Rosemary’s Baby di Roman Polanski è un’opera particolarmente efficace come horror psicologico e che alcune considerazioni relative alla trama e alla messa in scena me lo fanno apprezzare in maniera maggiore rispetto a prodotti similari.
Una domanda sorge spontanea riguardo questo film: come mai un ateo dichiarato come Polanski decide di mettere in scena una vicenda incentrata sul concepimento dell’anticristo? Intanto il film non scioglie mai il dubbio se Rosemary sia solo la vittima di una congrega di vecchi satanisti e non del demonio in persona. Tutte gli avvenimenti “sovrannaturali” cui la donna assiste sono in soggettiva, cioè noi vediamo quello che la donna vede o crede di vedere, non quello che succede in realtà. Il film può essere visto, come un lungo incubo della donna. Su questo punto rimane sempre ambiguo.

Il film esce nel 1968, anno di fermenti sociali, di cambiamenti, di nuove consapevolezze e di rivendicazioni femministe. In questo contesto, Rosemary è una giovane donna moderna che porta i capelli corti e veste alla moda (del tempo). Lontana dalla concezione che la società americana degli anni sessanta abbinava alla donna, remissiva e sottomessa. A contrastare questa “modernità”, i luciferini vicini di casa, i Castevet. Loro sono anziani, vestono fuori moda, dopo cena gli uomini restano a discutere, mentre le donne vanno in cucina a lavare i piatti. Polanski quindi più che rappresentare il satanismo come un movimento di ribellione al cristianesimo, ce lo mostra come una sua versione alternativa ma sovrapponibile e irrisoria. Anziché costituirne l’antitesi, ne è una parodia con le medesime liturgie.

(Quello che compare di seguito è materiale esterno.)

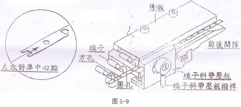 2.將卡式模座上的送料爪調(diào)整至左右對準端子料帶上的圓孔或方孔之中心點,如圖5-9,并放下端子料帶壓板,將卡式模座上的上模承座向下壓,使送料爪將端子往右推至下刀口的正上方(此型卡式模座為后送料方式,送料爪后退時并非一定置于圓孔或方孔內(nèi))。

Il culto satanico del film è misogino. La cena a casa dei Castelvet sembra una celebrazione eucaristica, con tanto di agnello tra le portate. L’ingravidamento della donna avviene come “soggetto passivo per il desiderio dell’uomo e senza diritto di decidere della propria fertilità”. La gestazione è piena di complicazione, rispondendo all’idea cristiana di maternità dolorosa (“…con dolore partorirai figli”). Durante la gravidanza Rosemary patisce sofferenze che la avvicinano alle sante medievali in preda a estasi mistica provocata dal dolore. Il marito di Rosemary è come San Giuseppe, solo più consapevole e consenziente, che accetta di essere il padre putativo del nascituro. Nel momento del parto la donna riceve la visita degli adoratori, come dei “magi” evangelici con tanto di doni. Alla fine Rosemary accetta la propria condizione e regredisce man mano a uno stato infantile e asessuato, come ogni perfetto adepto a un credo organizzato. Non ha più la forza di lottare e si “converte”, si conforma a come la società la vuole, più per sfinimento fisico e psicologico che per convinzione.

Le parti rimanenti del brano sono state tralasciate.